*** Listed entries
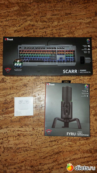 На баллы (вместо премии) муж заказал технику сыну на подарок - микрофон, беспроводные наушники и клаву
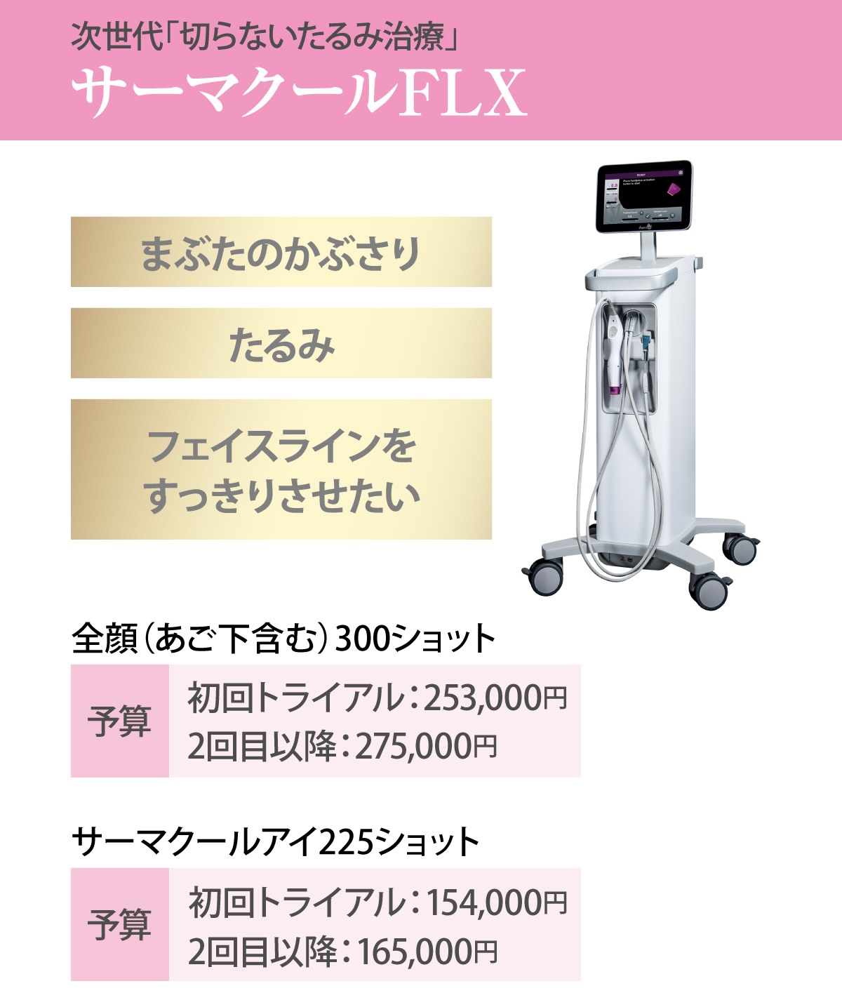 サーマクール:全顔(初回トライアル:253,000円/2回目以降:275,000円)、エンビロン・トリートメント(1回 8,800円~13,200円)、ロールキット(針付きローラー47,960円※美容液は別途)
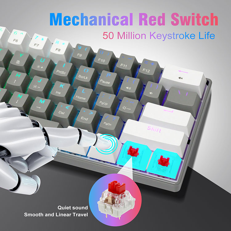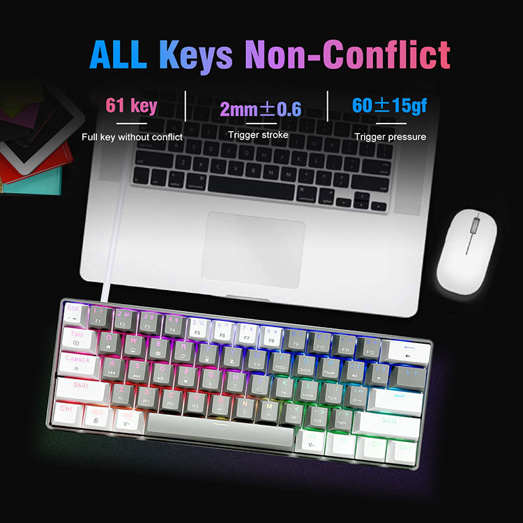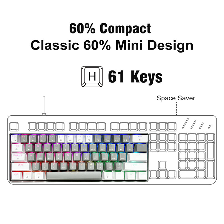 · 60 प्रतिशत किबोर्ड पोर्टेबल डिजाइनयो पोर्टेबल 60% RGB मेकानिकल गेमिङ किबोर्डको एकदम सही साइज छ र यो सबै वातावरणका लागि राम्रो छ, व्यापार यात्रा खेल अफिस गृह प्रयोग, Numpad बिना, गेमरहरू र टाइपिस्टका लागि अधिक व्यावहारिक, तपाईंको डेस्कटपमा थप ठाउँ दिनुहोस्।
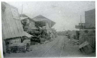 Congestión de carga, se observan las cabañas al lado de las vías del ferrocarril.
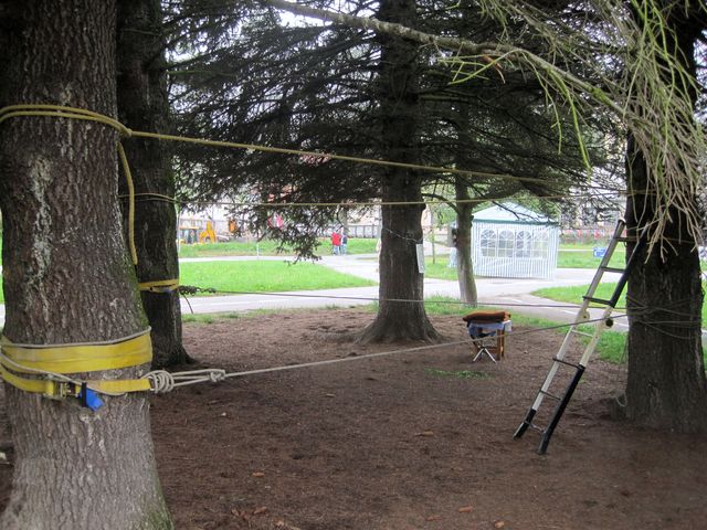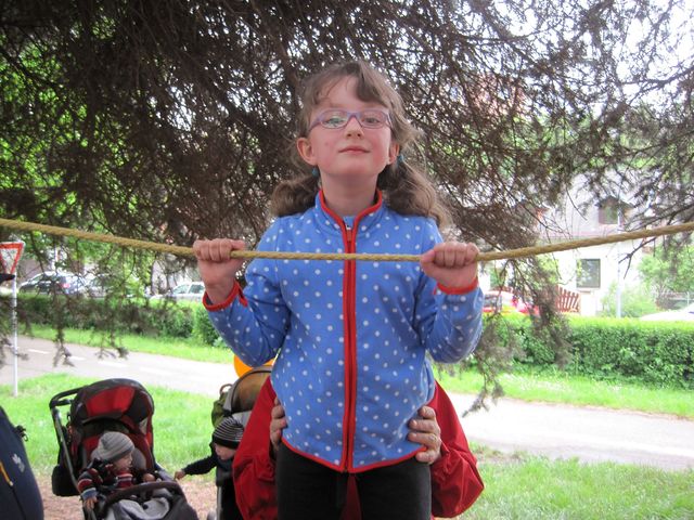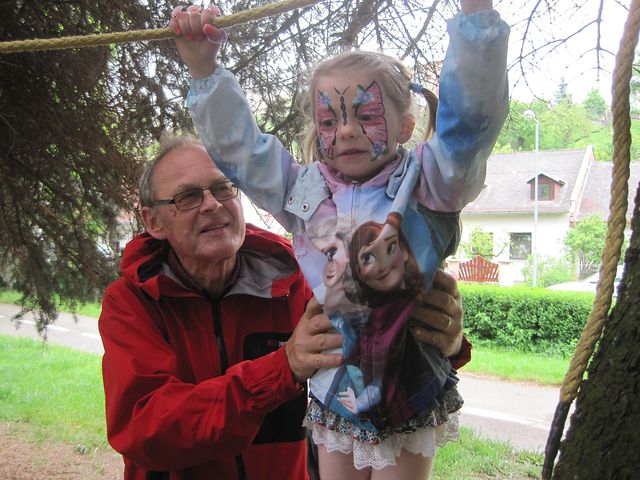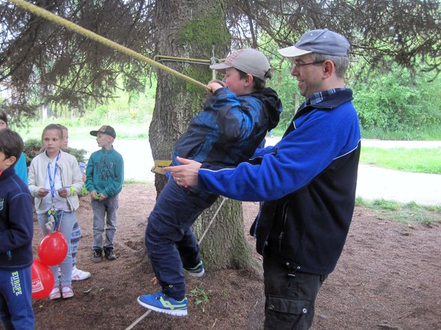 Jak probíhá Cesta pohádkovým lesem jsem popsala ve článku z roku 2014, kde jsou i odkazy na minulé ročníky, tedy veškeré potřebné informace o organizačním zajištění zábavného a soutěžního odpoledne pro mladší děti. Dnes tedy jen uvedu, že jsme už tradičně byli pověřeni prací v „lanovém centru“, které po stavební a odborné stránce zajistil člen našeho odboru Miloš Veselý a s ním se o bezpečnost malých provazochodců starali Honza Korbel a Mirek, já jsem měla důležitou a vděčnou funkci: razítkem potvrdit do účastnického průkazu úspěšný přechod po laně a věnovat každému borci dáreček od našeho odboru. 🙂
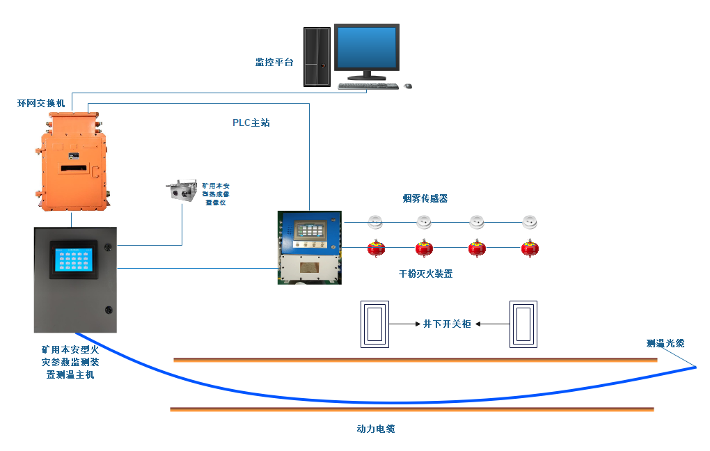 变电站综合监控预警系统主要由矿用本安型火灾参数监测装置测温主机/矿用隔爆型分布式光纤测温主机、隔爆兼本安型PLC控制箱、工控机、分布式光纤测温系统软件、烟雾传感器、超细干粉灭火装置、矿用本安型热成像摄像仪、感温光缆等组成。
******
* The problem:
Produce an exact copy of the lines from the line with "Jak probíhá Cesta" through the last line of the data above, both ends included. No pictures belong in it.

* Written answer:
 Jak probíhá Cesta pohádkovým lesem jsem popsala ve článku z roku 2014, kde jsou i odkazy na minulé ročníky, tedy veškeré potřebné informace o organizačním zajištění zábavného a soutěžního odpoledne pro mladší děti. Dnes tedy jen uvedu, že jsme už tradičně byli pověřeni prací v „lanovém centru“, které po stavební a odborné stránce zajistil člen našeho odboru Miloš Veselý a s ním se o bezpečnost malých provazochodců starali Honza Korbel a Mirek, já jsem měla důležitou a vděčnou funkci: razítkem potvrdit do účastnického průkazu úspěšný přechod po laně a věnovat každému borci dáreček od našeho odboru. 🙂
 变电站综合监控预警系统主要由矿用本安型火灾参数监测装置测温主机/矿用隔爆型分布式光纤测温主机、隔爆兼本安型PLC控制箱、工控机、分布式光纤测温系统软件、烟雾传感器、超细干粉灭火装置、矿用本安型热成像摄像仪、感温光缆等组成。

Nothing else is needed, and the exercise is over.